# ABOUT THIS TASK:
Transcribe word for word the section of the records below that opens with the line containing "一个JS版本的OCR库,效果不错!支持中英文识别,github 34k star+。" and closes with the line containing "Построить сечение призмы"; drop every picture.

RECORD SET START

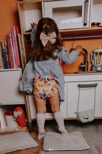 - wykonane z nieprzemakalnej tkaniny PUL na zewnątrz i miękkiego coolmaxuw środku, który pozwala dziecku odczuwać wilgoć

RECORD SET END
RECORD SET START

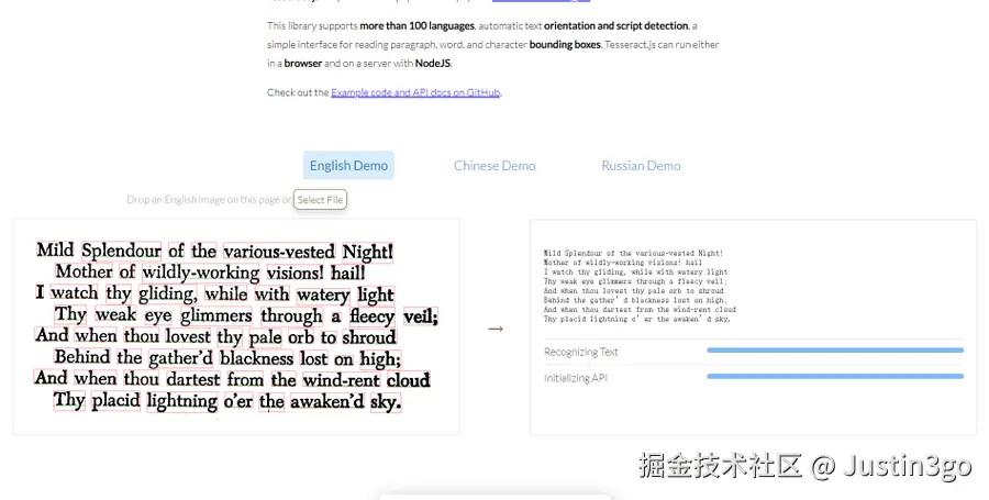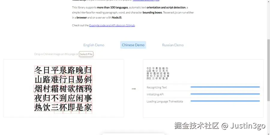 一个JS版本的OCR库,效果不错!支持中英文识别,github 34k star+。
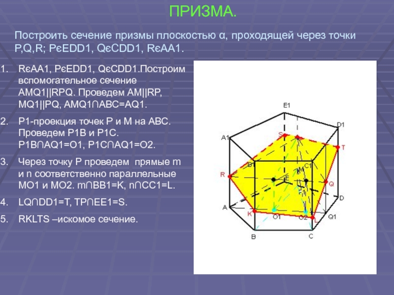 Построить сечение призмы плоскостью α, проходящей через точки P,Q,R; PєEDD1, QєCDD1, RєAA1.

RECORD SET END

# TASK ANSWER:
 一个JS版本的OCR库,效果不错!支持中英文识别,github 34k star+。
 Построить сечение призмы плоскостью α, проходящей через точки P,Q,R; PєEDD1, QєCDD1, RєAA1.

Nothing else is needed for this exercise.